Task requirements: Within the entries below, output exactly the lines between the line containing "people believed he" and the line containing "数学や歴史は男子好き、外国語", inclusive, and omit any picture.

Dataset records:
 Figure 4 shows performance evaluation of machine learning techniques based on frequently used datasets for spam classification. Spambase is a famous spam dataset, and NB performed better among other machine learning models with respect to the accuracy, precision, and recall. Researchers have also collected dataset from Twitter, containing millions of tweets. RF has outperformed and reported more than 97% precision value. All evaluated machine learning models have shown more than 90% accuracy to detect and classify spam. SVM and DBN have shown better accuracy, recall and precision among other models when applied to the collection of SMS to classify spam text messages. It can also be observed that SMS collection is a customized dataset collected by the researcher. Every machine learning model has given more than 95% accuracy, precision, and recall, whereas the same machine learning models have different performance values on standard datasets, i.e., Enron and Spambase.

...

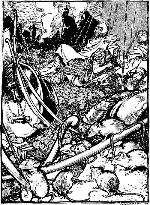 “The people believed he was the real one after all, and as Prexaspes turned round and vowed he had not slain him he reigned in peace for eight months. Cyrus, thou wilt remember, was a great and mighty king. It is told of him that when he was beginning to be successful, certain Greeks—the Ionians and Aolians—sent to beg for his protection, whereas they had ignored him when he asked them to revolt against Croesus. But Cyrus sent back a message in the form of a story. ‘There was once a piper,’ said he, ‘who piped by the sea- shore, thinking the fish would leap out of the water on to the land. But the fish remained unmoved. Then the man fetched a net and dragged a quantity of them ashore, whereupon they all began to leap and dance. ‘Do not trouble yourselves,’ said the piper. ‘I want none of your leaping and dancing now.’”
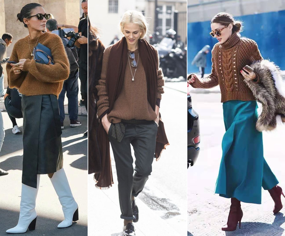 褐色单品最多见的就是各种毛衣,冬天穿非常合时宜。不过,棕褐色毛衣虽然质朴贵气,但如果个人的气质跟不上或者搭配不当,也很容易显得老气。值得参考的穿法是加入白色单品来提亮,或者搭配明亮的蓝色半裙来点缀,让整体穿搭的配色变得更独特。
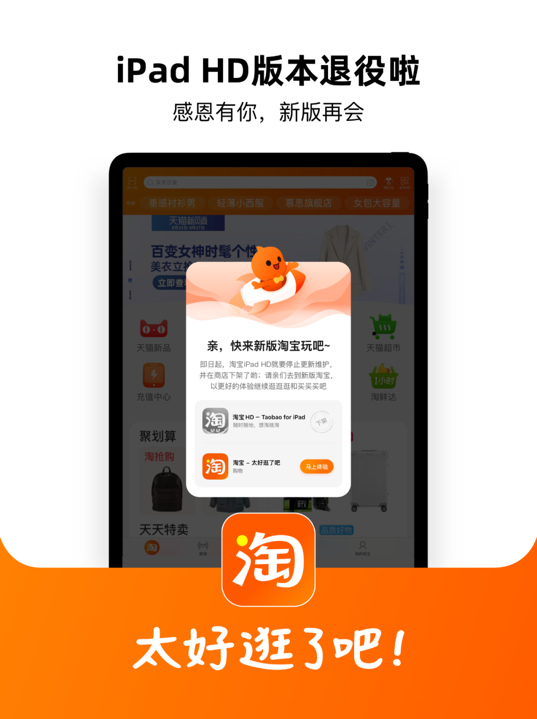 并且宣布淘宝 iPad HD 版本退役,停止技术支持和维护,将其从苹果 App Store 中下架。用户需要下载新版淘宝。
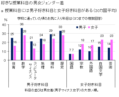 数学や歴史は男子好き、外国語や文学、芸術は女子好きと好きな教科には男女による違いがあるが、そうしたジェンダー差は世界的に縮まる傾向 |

Exercise response:
 “The people believed he was the real one after all, and as Prexaspes turned round and vowed he had not slain him he reigned in peace for eight months. Cyrus, thou wilt remember, was a great and mighty king. It is told of him that when he was beginning to be successful, certain Greeks—the Ionians and Aolians—sent to beg for his protection, whereas they had ignored him when he asked them to revolt against Croesus. But Cyrus sent back a message in the form of a story. ‘There was once a piper,’ said he, ‘who piped by the sea- shore, thinking the fish would leap out of the water on to the land. But the fish remained unmoved. Then the man fetched a net and dragged a quantity of them ashore, whereupon they all began to leap and dance. ‘Do not trouble yourselves,’ said the piper. ‘I want none of your leaping and dancing now.’”
 褐色单品最多见的就是各种毛衣,冬天穿非常合时宜。不过,棕褐色毛衣虽然质朴贵气,但如果个人的气质跟不上或者搭配不当,也很容易显得老气。值得参考的穿法是加入白色单品来提亮,或者搭配明亮的蓝色半裙来点缀,让整体穿搭的配色变得更独特。
 并且宣布淘宝 iPad HD 版本退役,停止技术支持和维护,将其从苹果 App Store 中下架。用户需要下载新版淘宝。
 数学や歴史は男子好き、外国語や文学、芸術は女子好きと好きな教科には男女による違いがあるが、そうしたジェンダー差は世界的に縮まる傾向 |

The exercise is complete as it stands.